For decades, controls on sequence stratigraphy have been a
controversial topic: eustasy, tectonics, or sediment supply? Part of the
challenge in unraveling controls relates to the method’s numerous implicit or
explicit assumptions (“Geomyths”), such that the most extreme critics
suggest that some assumptions have no basis in reality in
the world as we know it, and thus “invalidate” sequence stratigraphy. To
explore this concept, Peter Burgess reviews implications of recent progress in
study of quantum vacuums, a previously overlooked aspect
of the cosmos, on deriving a self-consistent model of sequence stratigraphy
that is generally applicable to the universe, leaving aside Earth-bound
sequence stratigraphy as a case study.
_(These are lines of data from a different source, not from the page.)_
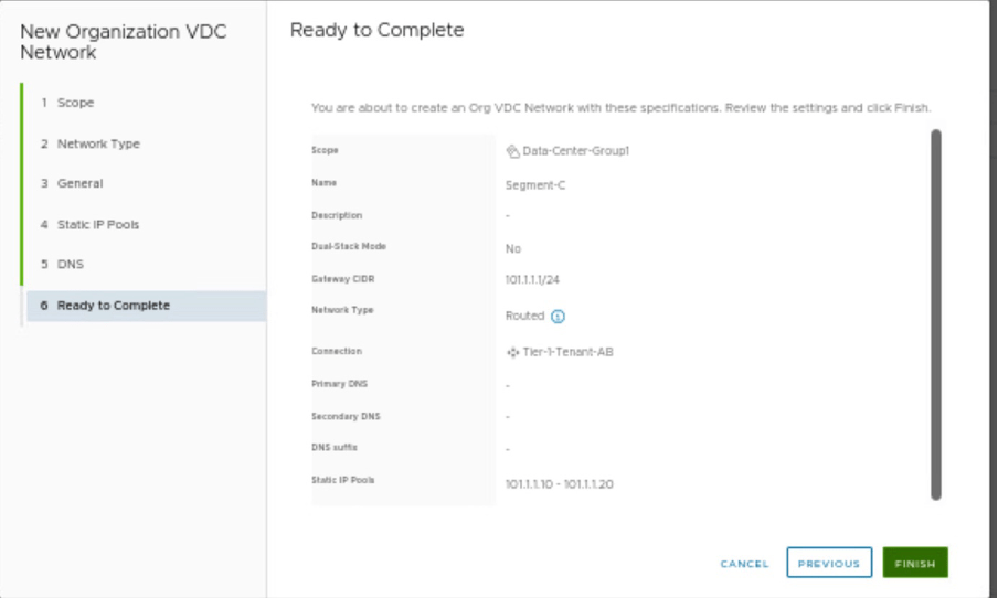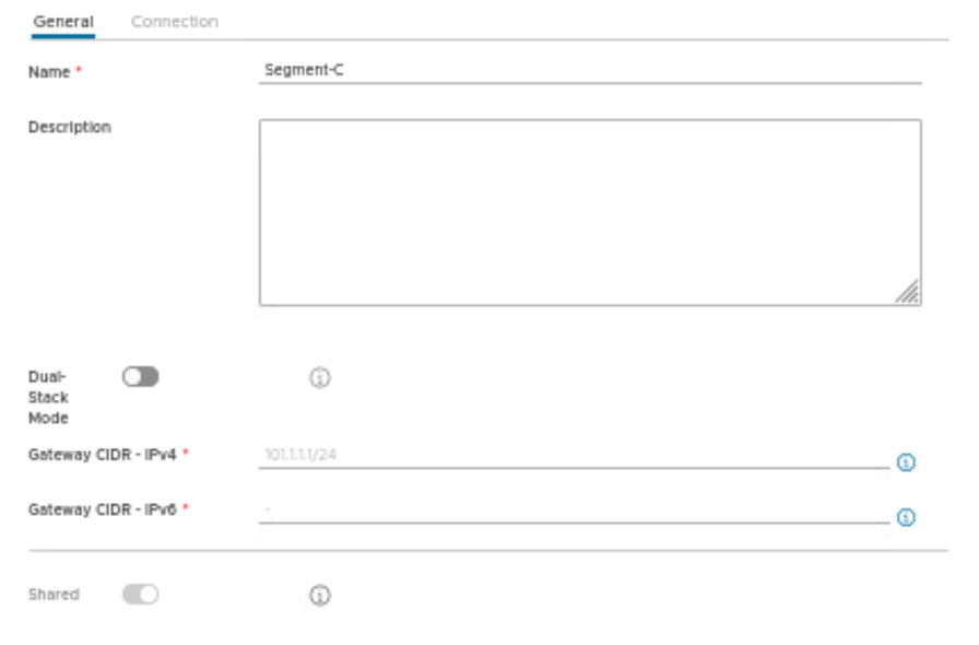 We will create a separate segment Segment-C and connect it previously created stretch Tier-1 gateway.
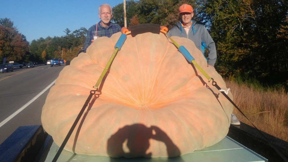 My "150" pumpkin is loaded on the Trailer for Topsfield tomorrow. So Bill Sullivan and I decided to unhitch the Trailer and drive 80 miles up to the Deerfield, NH Weigh-off and see the Geddes Pumpkin get weighed. Took this picture, with Steve Geddes, when we got there, and we joined the caravan of 20 Giant pumpkins, lined up on the highway, to go to Deerfield. It sure looks massive. Cant wait to see what she weigh's, later tonight.
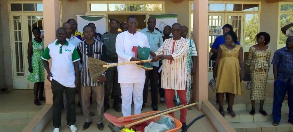 « Toute politique de développement doit tenir compte de la génération future à travers la protection de l’environnement », explique le Directeur de développement durable de la BRAKINA Souleymane Ouattara. D’où cette remise symbolique de matériels de protection et d’assainissement à la commune abritant le 60ème anniversaire de la fête de l’Indépendance du Burkina Faso. Ce don est composé de 20 cabines toilettes, 50 poubelles de 240 litres, 20 brouettes, 20 pelles, 20 balais, 20 râteaux, 20 gilets fluorescents, 20 paires de gants et 20 paires de bottes.

Beginning with the recognition that
gravitational repulsion of virtual particles and antiparticles leads to a
“gravitational charge” and a quantum vacuum, Burgess proves an earlier concept—fundamental
dimensionless constants may in fact be neither fundamental nor constant
(he is mum on dimensionality). These notions raise
important sequence stratigraphic questions—can tectonics exist in zero
gravity? How does one account for virtual sediment? What is “eustasy” or a
lowstand in the absence of water-filled ocean basins, but water instead falls into black holes? Although
his analysis of the universal spectrum of forces in the universe leads him to derive an incontrovertible solution (or, at least one that is consistent with Google),
he concludes by acknowledging the notion that the contribution represents “a
serious analysis of a ridiculous subject, the opposite of the usual in sequence
stratigraphy.”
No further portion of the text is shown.